**** Recorded information ****

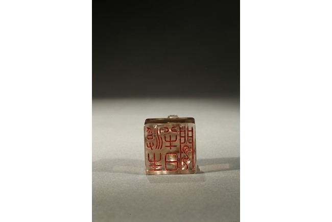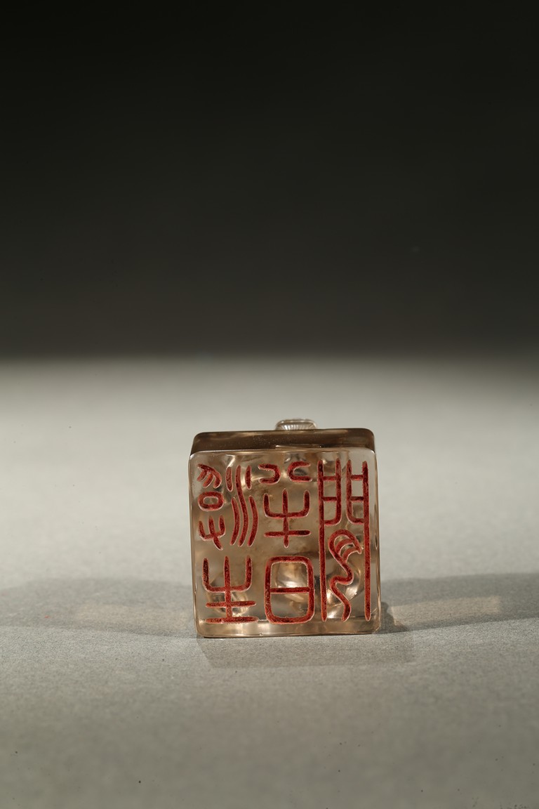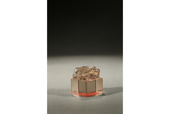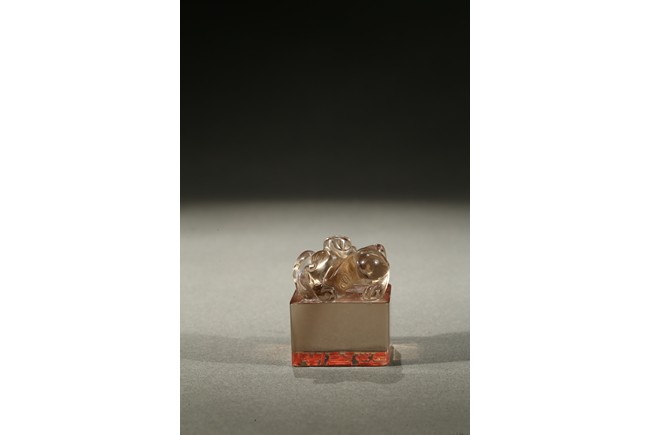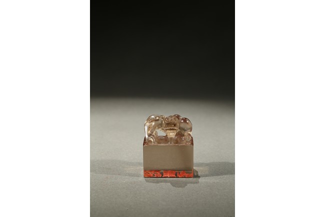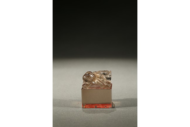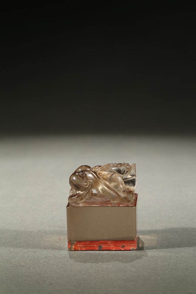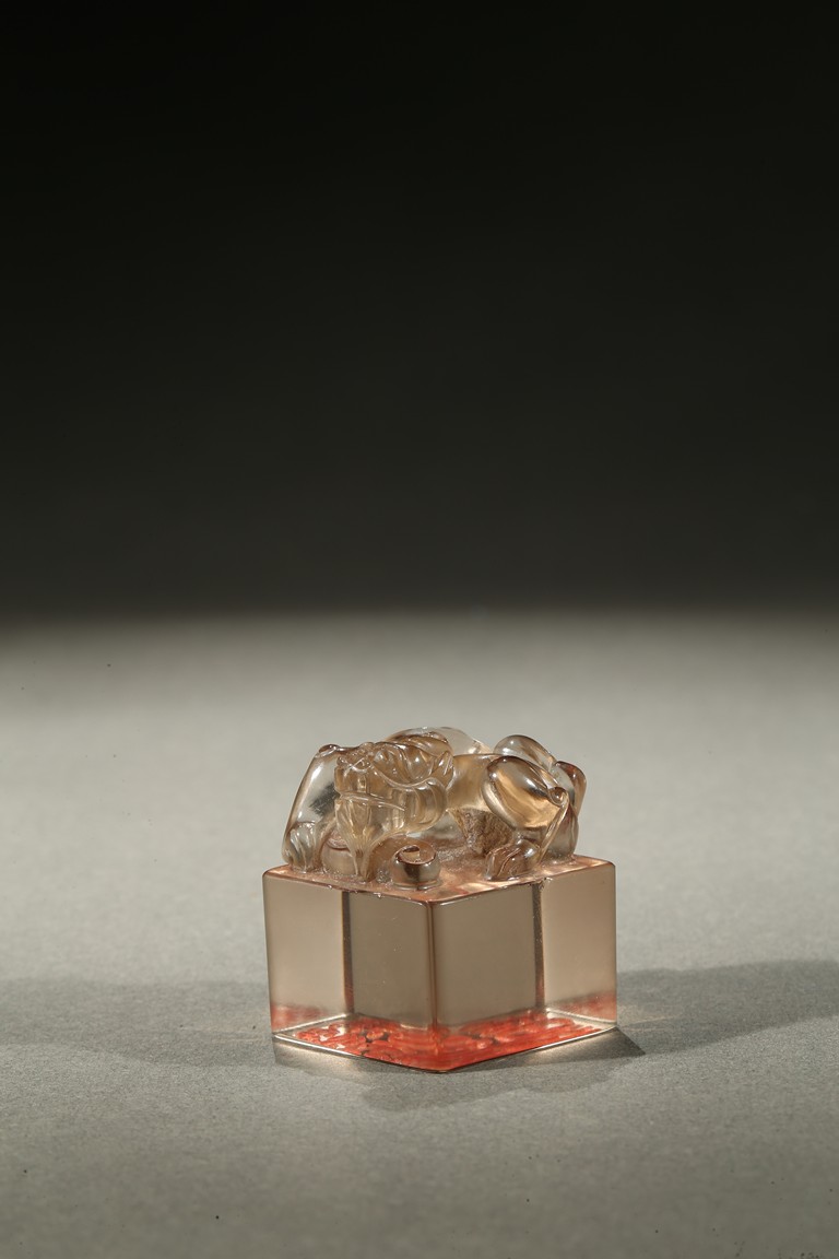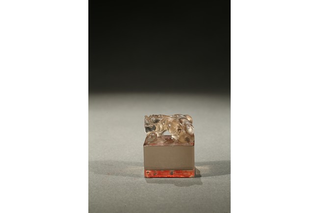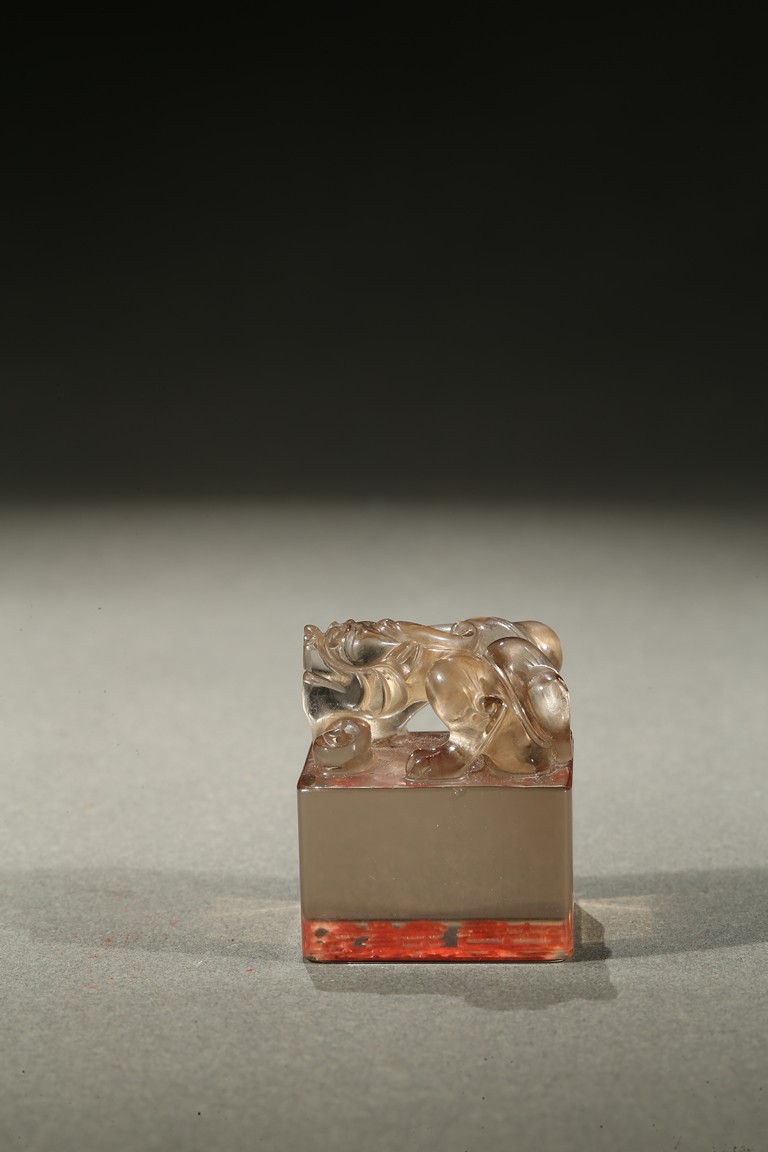 Of square section, the top surmounted with a seated mythical beast, seal surface carved with six characters. Qing Dynasty period.
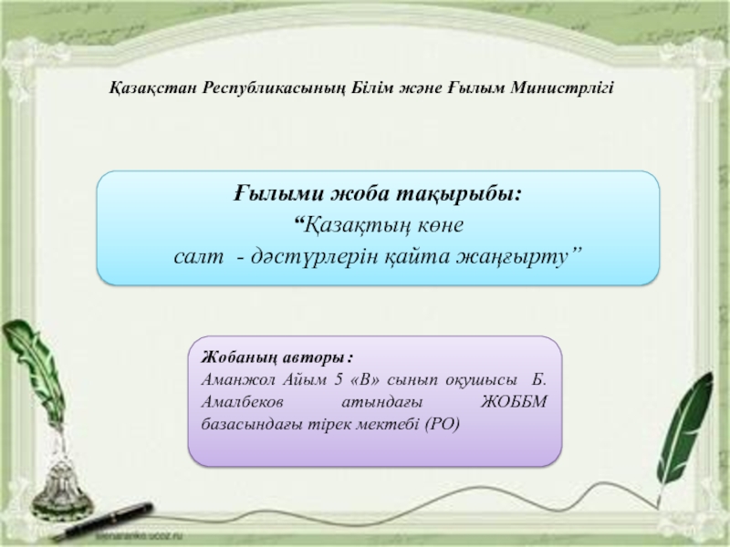 Жобаның авторы : Аманжол Айым 5 «В» сынып оқушысы Б.Амалбеков атындағы ЖОББМ базасындағы тірек мектебі (РО)
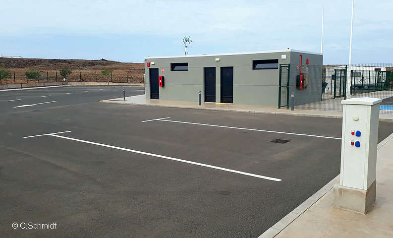 Besucher-Kommentar (16.11.2020): Nachdem ich hinter die Tankstelle gegangen bin, habe ich den Stellplatz entdeckt. Genau so neu angelegt wie die Tankstelle, aber privat betrieben. Komplett 2,40 m hoch umzäunt und mit Kameras ausgestattet. Sehr sauber, ca. 30 Stellplätze mit Stromanschlüssen. In der Mitte die Sanitäreinrichtungen. |
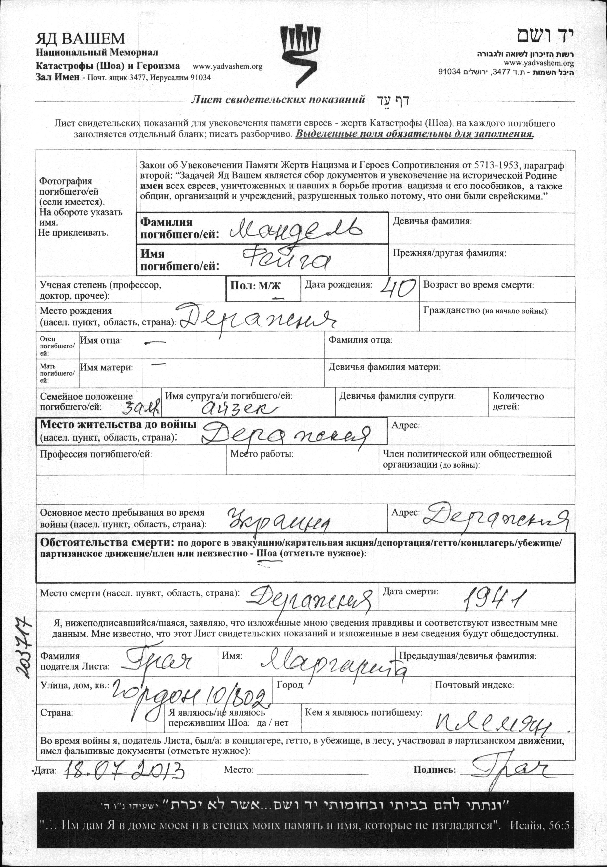 Мандель Фейга Деражня, Украина (СССР) Лист свидетельских показаний

****

How to complete this task: Reproduce the data above verbatim, minus any images.

Task result:
 Of square section, the top surmounted with a seated mythical beast, seal surface carved with six characters. Qing Dynasty period.
 Жобаның авторы : Аманжол Айым 5 «В» сынып оқушысы Б.Амалбеков атындағы ЖОББМ базасындағы тірек мектебі (РО)
 Besucher-Kommentar (16.11.2020): Nachdem ich hinter die Tankstelle gegangen bin, habe ich den Stellplatz entdeckt. Genau so neu angelegt wie die Tankstelle, aber privat betrieben. Komplett 2,40 m hoch umzäunt und mit Kameras ausgestattet. Sehr sauber, ca. 30 Stellplätze mit Stromanschlüssen. In der Mitte die Sanitäreinrichtungen. |
 Мандель Фейга Деражня, Украина (СССР) Лист свидетельских показаний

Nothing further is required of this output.